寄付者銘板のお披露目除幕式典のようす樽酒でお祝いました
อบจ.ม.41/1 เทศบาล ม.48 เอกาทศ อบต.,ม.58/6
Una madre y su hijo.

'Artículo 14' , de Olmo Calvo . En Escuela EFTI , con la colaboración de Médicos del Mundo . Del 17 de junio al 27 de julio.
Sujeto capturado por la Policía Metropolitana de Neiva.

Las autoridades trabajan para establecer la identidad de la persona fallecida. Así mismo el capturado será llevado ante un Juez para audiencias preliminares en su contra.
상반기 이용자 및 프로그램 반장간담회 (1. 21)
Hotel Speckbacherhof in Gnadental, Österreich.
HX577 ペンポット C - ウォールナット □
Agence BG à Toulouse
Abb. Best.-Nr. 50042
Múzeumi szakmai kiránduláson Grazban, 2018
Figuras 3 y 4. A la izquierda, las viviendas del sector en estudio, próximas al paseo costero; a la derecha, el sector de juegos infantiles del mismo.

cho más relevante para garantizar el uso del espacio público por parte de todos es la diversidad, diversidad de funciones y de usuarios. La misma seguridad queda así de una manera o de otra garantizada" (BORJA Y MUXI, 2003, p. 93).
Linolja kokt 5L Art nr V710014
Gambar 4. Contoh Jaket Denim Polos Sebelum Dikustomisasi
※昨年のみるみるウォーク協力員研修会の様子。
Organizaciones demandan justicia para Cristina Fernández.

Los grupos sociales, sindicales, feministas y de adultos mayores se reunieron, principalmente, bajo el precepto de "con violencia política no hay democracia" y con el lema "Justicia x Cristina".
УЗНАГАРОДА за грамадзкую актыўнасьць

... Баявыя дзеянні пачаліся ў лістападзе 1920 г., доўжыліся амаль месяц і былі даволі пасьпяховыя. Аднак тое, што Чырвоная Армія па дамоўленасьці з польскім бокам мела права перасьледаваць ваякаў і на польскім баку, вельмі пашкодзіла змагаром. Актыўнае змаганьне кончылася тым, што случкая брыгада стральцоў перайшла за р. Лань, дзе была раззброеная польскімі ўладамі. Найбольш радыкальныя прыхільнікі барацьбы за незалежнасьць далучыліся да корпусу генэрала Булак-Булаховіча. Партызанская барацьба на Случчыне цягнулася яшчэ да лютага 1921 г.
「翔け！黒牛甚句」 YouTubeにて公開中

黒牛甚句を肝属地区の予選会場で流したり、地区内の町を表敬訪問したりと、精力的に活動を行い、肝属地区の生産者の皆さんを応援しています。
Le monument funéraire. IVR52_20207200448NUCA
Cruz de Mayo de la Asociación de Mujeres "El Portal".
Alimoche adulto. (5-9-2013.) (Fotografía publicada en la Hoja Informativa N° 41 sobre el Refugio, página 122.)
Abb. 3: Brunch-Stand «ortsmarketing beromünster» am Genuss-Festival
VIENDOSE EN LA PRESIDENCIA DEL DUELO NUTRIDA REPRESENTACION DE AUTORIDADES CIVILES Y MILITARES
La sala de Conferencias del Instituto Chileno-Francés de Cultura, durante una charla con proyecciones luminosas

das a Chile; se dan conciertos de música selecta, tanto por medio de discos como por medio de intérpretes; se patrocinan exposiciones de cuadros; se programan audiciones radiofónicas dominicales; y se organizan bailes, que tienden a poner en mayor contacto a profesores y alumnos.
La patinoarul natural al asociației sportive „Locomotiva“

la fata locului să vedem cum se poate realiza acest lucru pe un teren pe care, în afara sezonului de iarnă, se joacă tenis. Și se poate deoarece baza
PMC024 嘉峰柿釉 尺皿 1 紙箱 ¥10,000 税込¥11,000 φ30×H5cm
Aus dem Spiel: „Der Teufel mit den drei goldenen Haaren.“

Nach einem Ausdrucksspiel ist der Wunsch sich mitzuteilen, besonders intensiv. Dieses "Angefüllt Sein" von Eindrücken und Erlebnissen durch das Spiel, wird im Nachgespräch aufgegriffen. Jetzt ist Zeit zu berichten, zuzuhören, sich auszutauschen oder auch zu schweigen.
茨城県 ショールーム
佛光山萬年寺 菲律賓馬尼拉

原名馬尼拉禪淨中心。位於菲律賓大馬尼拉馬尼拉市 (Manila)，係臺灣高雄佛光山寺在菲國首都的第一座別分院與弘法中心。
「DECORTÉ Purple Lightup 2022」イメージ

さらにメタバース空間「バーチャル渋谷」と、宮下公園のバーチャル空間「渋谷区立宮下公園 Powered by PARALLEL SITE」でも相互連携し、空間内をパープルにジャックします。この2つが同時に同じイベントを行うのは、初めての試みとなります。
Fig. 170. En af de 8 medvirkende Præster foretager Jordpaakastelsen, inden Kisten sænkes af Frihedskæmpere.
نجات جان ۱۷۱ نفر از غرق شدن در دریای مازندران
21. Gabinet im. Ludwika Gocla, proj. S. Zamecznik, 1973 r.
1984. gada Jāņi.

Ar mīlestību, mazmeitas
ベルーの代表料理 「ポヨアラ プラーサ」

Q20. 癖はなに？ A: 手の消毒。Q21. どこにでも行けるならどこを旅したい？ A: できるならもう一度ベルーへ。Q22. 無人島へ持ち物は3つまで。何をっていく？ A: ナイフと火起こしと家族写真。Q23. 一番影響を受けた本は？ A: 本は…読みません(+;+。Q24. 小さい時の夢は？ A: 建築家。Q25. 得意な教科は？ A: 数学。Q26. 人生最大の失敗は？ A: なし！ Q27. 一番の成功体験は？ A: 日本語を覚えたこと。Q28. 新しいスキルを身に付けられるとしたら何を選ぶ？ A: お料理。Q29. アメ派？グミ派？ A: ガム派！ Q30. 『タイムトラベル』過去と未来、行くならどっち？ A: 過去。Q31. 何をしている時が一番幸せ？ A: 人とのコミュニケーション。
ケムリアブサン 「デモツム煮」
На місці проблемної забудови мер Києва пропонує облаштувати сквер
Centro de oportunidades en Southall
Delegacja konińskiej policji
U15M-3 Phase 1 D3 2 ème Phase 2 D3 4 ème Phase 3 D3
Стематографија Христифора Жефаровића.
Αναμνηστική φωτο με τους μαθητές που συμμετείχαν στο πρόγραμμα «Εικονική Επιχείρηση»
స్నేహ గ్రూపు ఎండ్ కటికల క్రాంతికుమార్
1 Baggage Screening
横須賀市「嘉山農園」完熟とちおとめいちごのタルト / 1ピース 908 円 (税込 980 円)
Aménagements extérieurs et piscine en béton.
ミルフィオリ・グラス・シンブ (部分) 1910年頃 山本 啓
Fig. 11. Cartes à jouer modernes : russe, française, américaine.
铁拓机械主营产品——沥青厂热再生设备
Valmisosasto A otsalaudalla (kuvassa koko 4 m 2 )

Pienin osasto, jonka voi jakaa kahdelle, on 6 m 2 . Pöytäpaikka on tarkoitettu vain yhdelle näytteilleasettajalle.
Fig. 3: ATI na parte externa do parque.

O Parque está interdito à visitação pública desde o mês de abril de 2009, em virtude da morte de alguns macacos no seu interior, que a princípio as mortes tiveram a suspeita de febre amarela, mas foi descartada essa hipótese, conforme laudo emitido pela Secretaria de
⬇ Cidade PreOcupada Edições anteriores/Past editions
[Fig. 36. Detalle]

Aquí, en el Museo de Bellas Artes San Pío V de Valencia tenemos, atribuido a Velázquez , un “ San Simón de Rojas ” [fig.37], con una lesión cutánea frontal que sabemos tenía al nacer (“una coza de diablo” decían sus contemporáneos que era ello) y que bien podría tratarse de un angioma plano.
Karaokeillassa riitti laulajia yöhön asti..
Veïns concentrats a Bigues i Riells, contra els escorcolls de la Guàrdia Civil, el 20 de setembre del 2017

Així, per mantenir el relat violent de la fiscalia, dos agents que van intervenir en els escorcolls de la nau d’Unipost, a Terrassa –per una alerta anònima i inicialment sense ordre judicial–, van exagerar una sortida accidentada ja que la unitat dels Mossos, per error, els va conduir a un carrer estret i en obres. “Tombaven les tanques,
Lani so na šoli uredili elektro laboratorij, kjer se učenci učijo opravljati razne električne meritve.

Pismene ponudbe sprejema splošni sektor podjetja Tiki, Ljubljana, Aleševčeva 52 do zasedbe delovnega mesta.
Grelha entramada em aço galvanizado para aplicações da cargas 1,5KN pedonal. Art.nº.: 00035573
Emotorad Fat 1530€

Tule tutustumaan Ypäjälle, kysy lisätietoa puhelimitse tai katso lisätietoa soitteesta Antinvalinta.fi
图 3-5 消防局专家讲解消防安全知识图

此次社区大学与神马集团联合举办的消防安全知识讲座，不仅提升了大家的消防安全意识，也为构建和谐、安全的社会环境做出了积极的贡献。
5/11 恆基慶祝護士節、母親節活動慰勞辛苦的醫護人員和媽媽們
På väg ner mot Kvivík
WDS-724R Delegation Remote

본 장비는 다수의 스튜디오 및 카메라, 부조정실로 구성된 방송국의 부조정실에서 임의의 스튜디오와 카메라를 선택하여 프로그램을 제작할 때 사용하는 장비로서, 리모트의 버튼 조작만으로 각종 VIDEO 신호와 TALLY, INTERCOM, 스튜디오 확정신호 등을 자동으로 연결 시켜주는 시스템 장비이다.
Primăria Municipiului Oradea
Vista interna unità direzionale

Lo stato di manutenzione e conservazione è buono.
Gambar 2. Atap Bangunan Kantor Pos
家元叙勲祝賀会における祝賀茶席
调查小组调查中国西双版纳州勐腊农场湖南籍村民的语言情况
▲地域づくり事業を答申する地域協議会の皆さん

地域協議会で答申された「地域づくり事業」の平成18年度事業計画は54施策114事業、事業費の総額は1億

What you need to do: All that is wanted is a faithful reproduction of the line above with "原名馬尼拉禪淨中心。位於菲律", the line with "さらにメタバース空間「バーチャル渋谷」と、宮下公園のバーチャル空間「渋谷区立宮下公園 Powered by", and every line in between.

Response to the task:
原名馬尼拉禪淨中心。位於菲律賓大馬尼拉馬尼拉市 (Manila)，係臺灣高雄佛光山寺在菲國首都的第一座別分院與弘法中心。
「DECORTÉ Purple Lightup 2022」イメージ

さらにメタバース空間「バーチャル渋谷」と、宮下公園のバーチャル空間「渋谷区立宮下公園 Powered by PARALLEL SITE」でも相互連携し、空間内をパープルにジャックします。この2つが同時に同じイベントを行うのは、初めての試みとなります。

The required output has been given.